The fact that there will always be some humans who are pursuers of evil means that the sorts of suspicion and distrust provoked by their presence in our midst will always be a part of our social existence.  Who are you?  What do you want with me?  What do you want from me?  These are the sorts of questions we shall never be free to neglect – not in the face-to-face world nor in the cyber-world of e-mail, and virtual identities.  Or if we do neglect these questions, we will live with the consequences.  Sure, if we build good defenses we will be able to relax for a short while.   But the malicious programmer will surely find a way to subvert them.  As quick and efficient as the virus update programs might be, they can only, at best, react to the last virus even as someone somewhere is busy working to invent yet another more virulent bug. 

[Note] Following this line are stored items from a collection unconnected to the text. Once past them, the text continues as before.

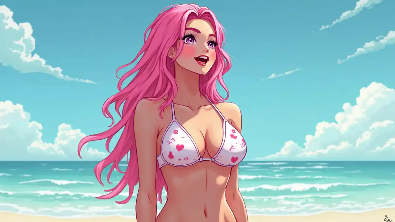 (beach day), (pixel art), detailed, torso, swin suit, bright eyes, perfect skin, action pose, bikini, pink, american patriotic, fun, (full body sexy beach girl with pink hair photo), sexual theme, woman, portrait, smile, laugh, open mouth, (upper body, bust shot, looking away:1.1), neon hair
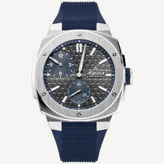 The Alpiner Extreme Regulator Automatic is the perfect rugged sport watch. Separate display of the hours, minutes and seconds, set inside a heavy-duty 41mm case with see-through back, and able to withstand extreme conditions. Dark grey dial with triangle pattern, navy outer ring with white markers. Navy blue hour counter at 10 o'clock, hand-polished silver color hour and minute hands. Navy blue second counter at 6 o'clock. Silver color second hand. Navy blue rubber strap. WR up to 200M.
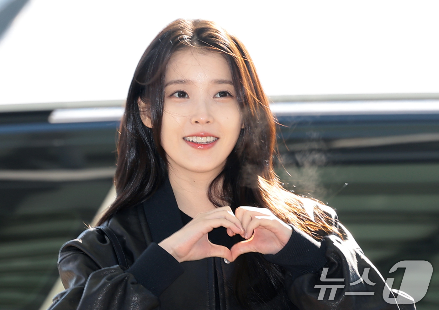 (인천공항=뉴스1) 권현진 기자 = 가수 겸 배우 아이유가 해외 일정을 위해 5일 인천국제공항을 통해 대만으로 출국하기 전 인사를 하고 있다. 2025.12.5/뉴스1
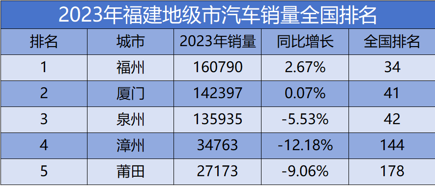 2023年福建各城市汽车销量榜,福州销量第一,厦门新能源第一
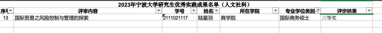 日前,51吃瓜网 公布了2023年专业学位研究生优秀实践成果评选结果,MIB专业2021级陆星羽同学的作品《国际贸易之风险控制与管理的探索》获评三等奖,特此祝贺!
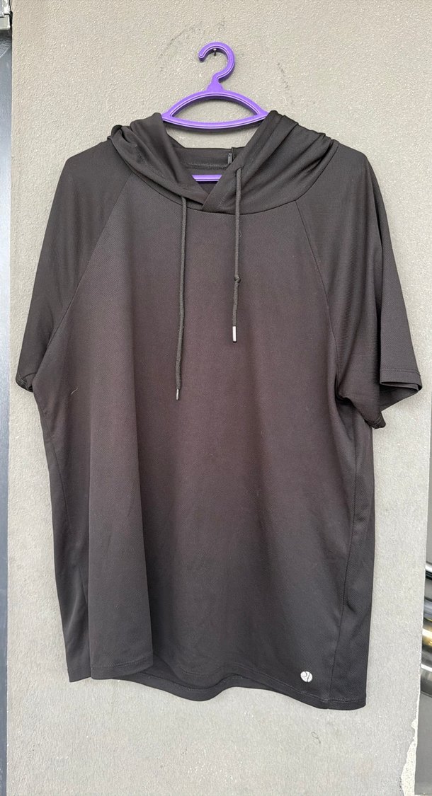 Erkek siyah tişört, kapüşonlu yüksek yakalı ve kısa kollu, rahat kesimiyle günlük sokak stiline uygun. Pürüzsüz sentetik kumaştan, zahmetsiz şıklık sunar.
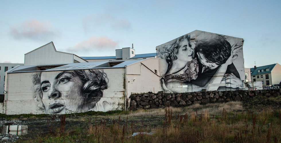 Iceland is a country that embraces and supports artists. You can see this in the colorful houses that line the streets, the gorgeous buildings dedicated to music and theatre, sculptures, and even graffiti... if you can call such exquisite work graffiti.

Does the language I just used sound like the frequent observations and cautions regarding our collective security following 9/11?  Sure it does.  And, to me, the fact that we can use similar language concerning our programming enemy (call him a cyber-terrorist) and our al Qaeda enemy demands a sober recognition.  As I have already suggested, the programming enemy is an outgrowth of who we, collectively, are.  Some humans are mostly evil and all humans are partly evil.  This is the troubling reality of the human animal, and it is inescapable.  But if the cyber-terrorist is of and like “us,” and if, as the language we have used suggests, the cyber-terrorist is like the al Qaeda terrorist, then “we” are like “them.”  The “they” who conspire against us and seek our harm—in part motivated by religious and socio-political factors, but in part merely moved by their inclination to do evil—are an extreme form of who we all are or might be.  Perhaps, if we remember this, we will better understand “them” and find a way across the chasm that separates us and exposes us to such danger.